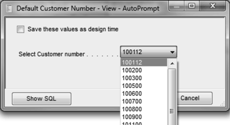 When you run the CUSTEX1 view, the runtime prompt provides a drop-down selection list containing all customer numbers from the CUSTMAST file. The user can select only one of the customer numbers.
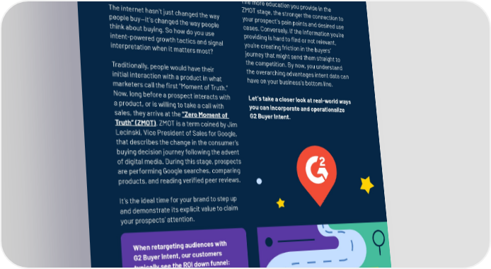 Understanding the Zero Moment of Truth. And we’re finally here! The more education you provide in the ZMOT stage, the stronger the connection to The internet hasn’t just changed the way your prospect’s pain points and desired use people buy—it’s changed the way people cases. Conversely, if the information you’re think about buying. So how do you use providing is hard to find or not relevant, intent-powered growth tactics and signal you’re creating friction in the buyers’ interpretation when it matters most? journey that might send them straight to the competition. By now, you understand Traditionally, people would have their the overarching advantages intent data can initial interaction with a product in what have on your business’s bottom line. marketers call the first “Moment of Truth.” Now, long before a prospect interacts with Let’s take a closer look at real-world ways a product, or is willing to take a call with you can incorporate and operationalize sales, they arrive at the “Zero Moment of G2 Buyer Intent. Truth” (ZMOT). ZMOT is a term coined by Jim Lecinski, Vice President of Sales for Google, that describes the change in the consumer’s buying decision journey following the advent of digital media. During this stage, prospects are performing Google searches, comparing products, and reading verified peer reviews. It’s the ideal time for your brand to step up and demonstrate its explicit value to claim your prospects’ attention. When retargeting audiences with G2 Buyer Intent, our customers typically see the ROI down funnel: as MQLs convert to pipeline and revenue. Check out the case studies on page 30 for real-world examples of how marketing teams drive smarter growth with intent- fueled campaigns. 2424 ThThe Big Book oe Big Book of Intf Intent ent 2424
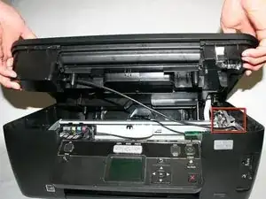 Медленно приподнимите, но не извлекайте пластиковую крышку вместе с блоком сканера, чтобы открылись три кабеля, соединяющих блок сканера с принтером.
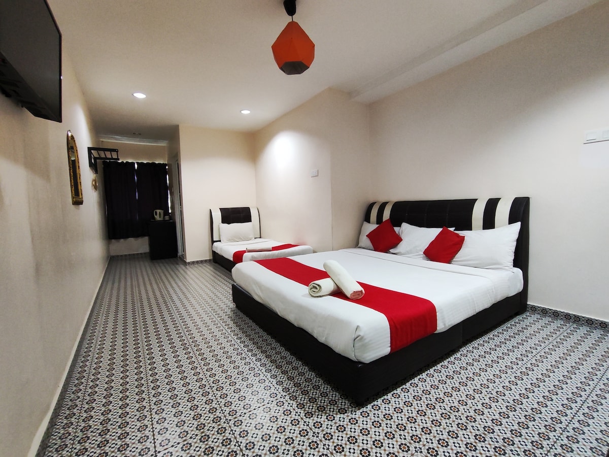 こちらの広々とした静かなお部屋で、日常の心配事を忘れましょう。 このトリプルルームは3名様(10歳以上のみ)が宿泊でき、専用のバスルーム(シャワー、お湯はすぐに出ます)が完備されています。 お部屋には、クイーンサイズベッド+シングルベッド、ハンガー付きワードローブ、ベッドサイドテーブル、天井ファン、無料Wi-Fiがあります。 **チェックイン時の稼働率によっては、別のフロアに予約が移動する場合があります。
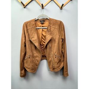 Thalia Sodi Jacket womens medium brown faux suede moto Lightweight Retro
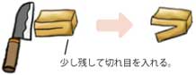 [2]厚揚げの端を残して、真ん中に切れ目を入れる。

:::::

**Your goal**: Repeat every line above exactly, but omit all images.

**Expected output**:
 When you run the CUSTEX1 view, the runtime prompt provides a drop-down selection list containing all customer numbers from the CUSTMAST file. The user can select only one of the customer numbers.
 Understanding the Zero Moment of Truth. And we’re finally here! The more education you provide in the ZMOT stage, the stronger the connection to The internet hasn’t just changed the way your prospect’s pain points and desired use people buy—it’s changed the way people cases. Conversely, if the information you’re think about buying. So how do you use providing is hard to find or not relevant, intent-powered growth tactics and signal you’re creating friction in the buyers’ interpretation when it matters most? journey that might send them straight to the competition. By now, you understand Traditionally, people would have their the overarching advantages intent data can initial interaction with a product in what have on your business’s bottom line. marketers call the first “Moment of Truth.” Now, long before a prospect interacts with Let’s take a closer look at real-world ways a product, or is willing to take a call with you can incorporate and operationalize sales, they arrive at the “Zero Moment of G2 Buyer Intent. Truth” (ZMOT). ZMOT is a term coined by Jim Lecinski, Vice President of Sales for Google, that describes the change in the consumer’s buying decision journey following the advent of digital media. During this stage, prospects are performing Google searches, comparing products, and reading verified peer reviews. It’s the ideal time for your brand to step up and demonstrate its explicit value to claim your prospects’ attention. When retargeting audiences with G2 Buyer Intent, our customers typically see the ROI down funnel: as MQLs convert to pipeline and revenue. Check out the case studies on page 30 for real-world examples of how marketing teams drive smarter growth with intent- fueled campaigns. 2424 ThThe Big Book oe Big Book of Intf Intent ent 2424
 Медленно приподнимите, но не извлекайте пластиковую крышку вместе с блоком сканера, чтобы открылись три кабеля, соединяющих блок сканера с принтером.
 こちらの広々とした静かなお部屋で、日常の心配事を忘れましょう。 このトリプルルームは3名様(10歳以上のみ)が宿泊でき、専用のバスルーム(シャワー、お湯はすぐに出ます)が完備されています。 お部屋には、クイーンサイズベッド+シングルベッド、ハンガー付きワードローブ、ベッドサイドテーブル、天井ファン、無料Wi-Fiがあります。 **チェックイン時の稼働率によっては、別のフロアに予約が移動する場合があります。
 Thalia Sodi Jacket womens medium brown faux suede moto Lightweight Retro
 [2]厚揚げの端を残して、真ん中に切れ目を入れる。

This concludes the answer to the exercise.